Nothing says true friendship like 2 people bonding over potentially having AIDS.
she said "i got this" and then fell on her face. within grabbing distance of the wall and her boyfriend
Idk wtf I would do on a date. I thought wed passed that stage at least for a while. Nowadays dates should consist of blackouts and shameful mistakes.
I stumbled in at 6am to find my cat in the window making a noise I've never heard her make. When I went to the window there was a goat outside staring at us.
Are you sure? Or did you just think there was a goat?
No there was a goat. I gave it a donut.
The guy I met last night said we had a real connection and gave me his AA coin because he met me during his relapse
Drunken snow shoveling. Visiting my family is starting to become a seriously risky venture.
He is indeed a crazy mutha fucka. But mark my words. MARK MY WORDS. My job has placed me at the same party as Tom Cruise. I. Am. Fucking. The. Crazy. Out. Of . That. Alien . Fucker.
Beer, water, beer, water, beer beer beer beer beer beer beer beer beer beer beer beer so much beer
I never realized how you can accidentally go home with someone until tequila got involved.
I walked in on him pumping himself up by headbanging to the drumbeat from Jumanji.

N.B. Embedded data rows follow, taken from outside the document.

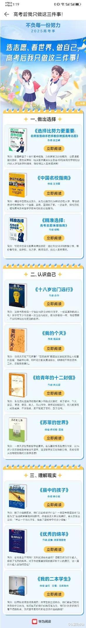 把志愿的事情敲定后,孩子暑假规划也提上了日程。我就去别的应用上也看了看,还真让我发现了一款宝藏应用,我常用的华为阅读上为考生们贴心地准备了高考书单推荐,选的书也都很有水平,正好能让孩子在假期里沉淀下来,书籍由编辑团队精心挑选,可以帮助孩子在正式进入大学前,提前学会“做选择、认识自己、以及理解现实”,为即将到来的大学生活做好知识和思想上的准备。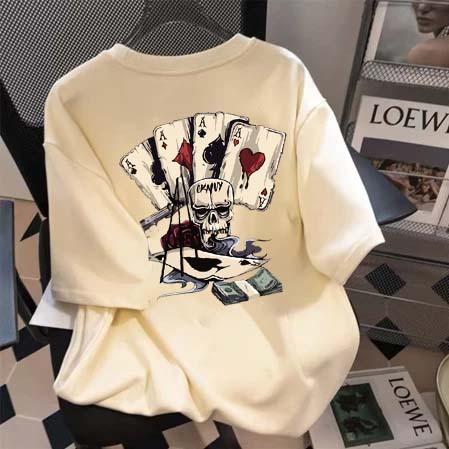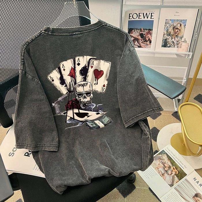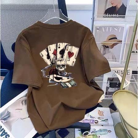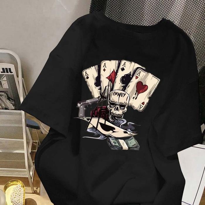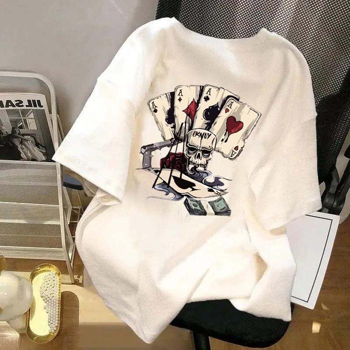 KK Amerika bermain kartu Tren Korea sederhana Gaya kaos pria wanita T-shirt baju oversize distro retro kerangka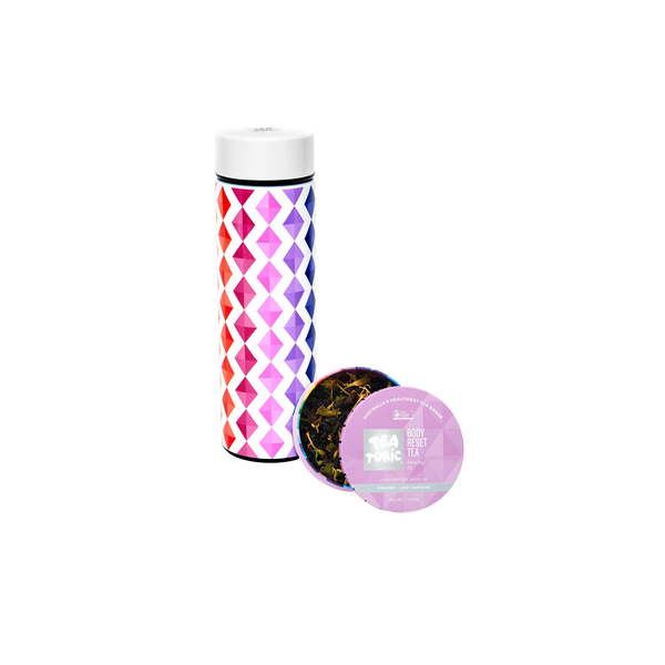 Experience the perfect tea on the go with our Thermal Tea Bottle with Infuser, paired with a travel tin of Body Reset Tea Loose Leaf. This 450ml thermal bottle ensures your tea stays at the ideal temperature, while the built-in infuser allows for effortless steeping.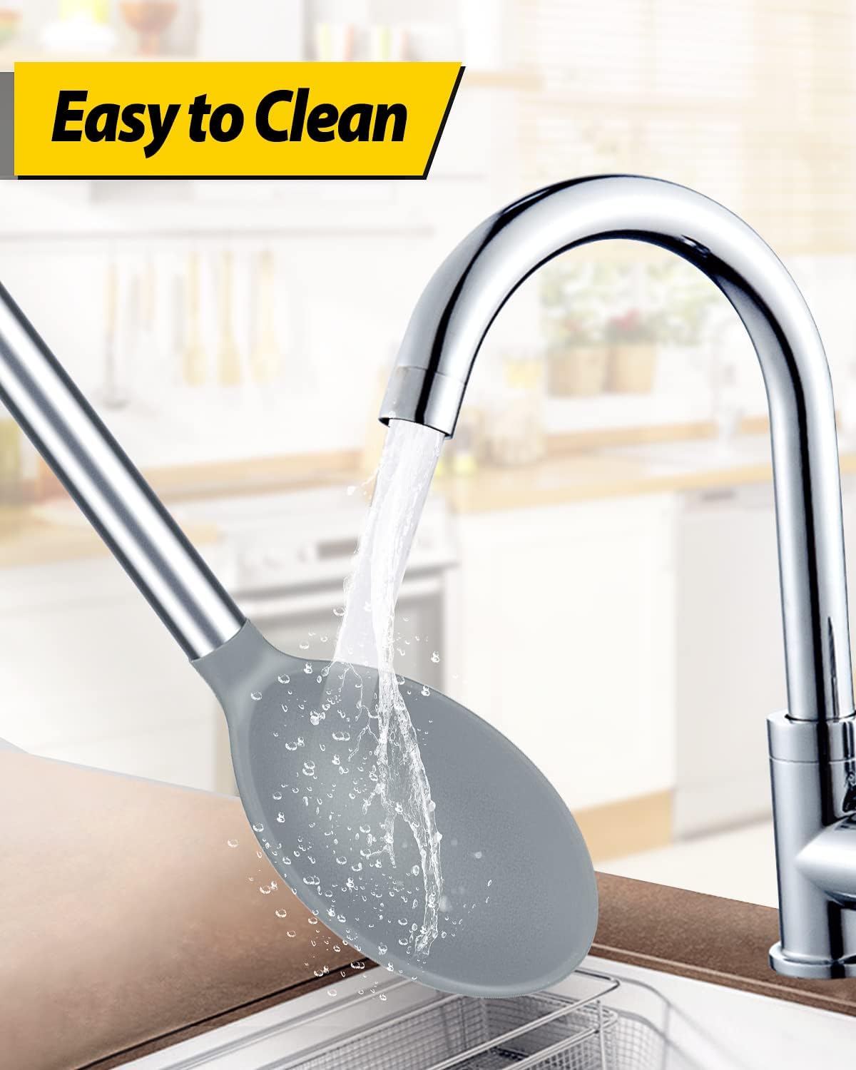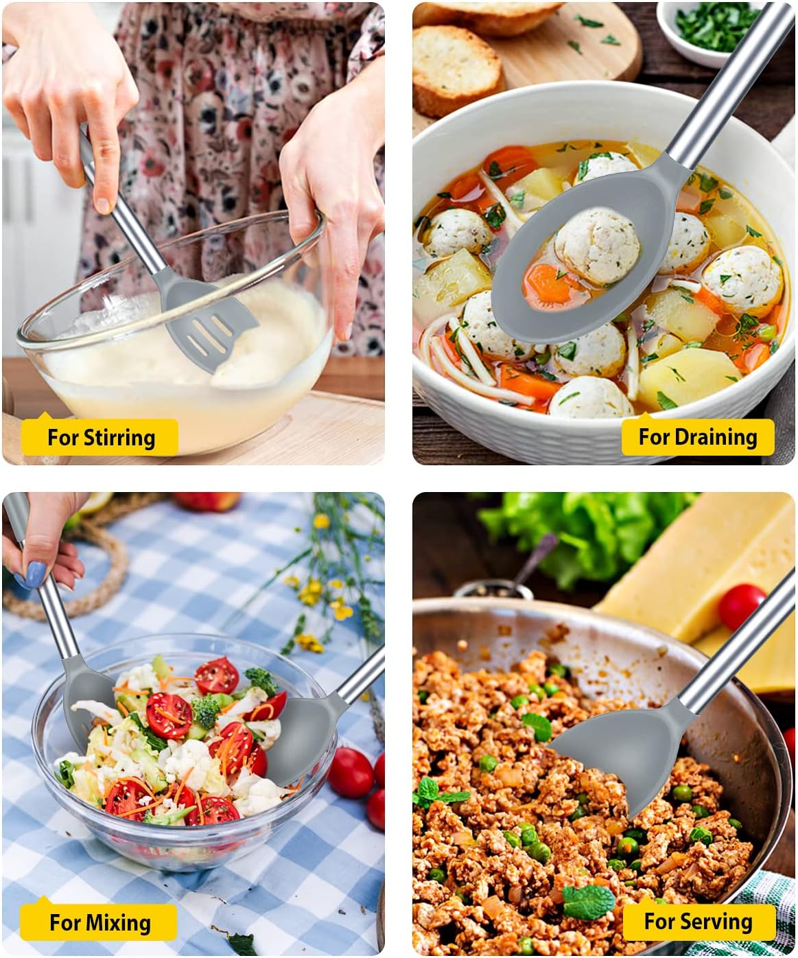 - Thoughtful Design : The good-quality 18/8 stainless steel keeps you away from the trouble of kitchen utensils rusting or breaking; This anti-scald silicone handle is not easy to conduct heat and is more comfortable to hold than traditional utensils

It's has to do with my genitals. Don't ask.
I literally just told you I found out I masturbate in my sleep. I think we can be snapchat friends again
Guy just walked in with a 40 and a Honda steering wheel. Where the fuck am I?
My boyfriend just called me on his poop break from work.... Is that what you meant by moving too fast?
We were having sex and he started doing some weird swivel move. I was like wtf and he said sorry just trying to pop my knee.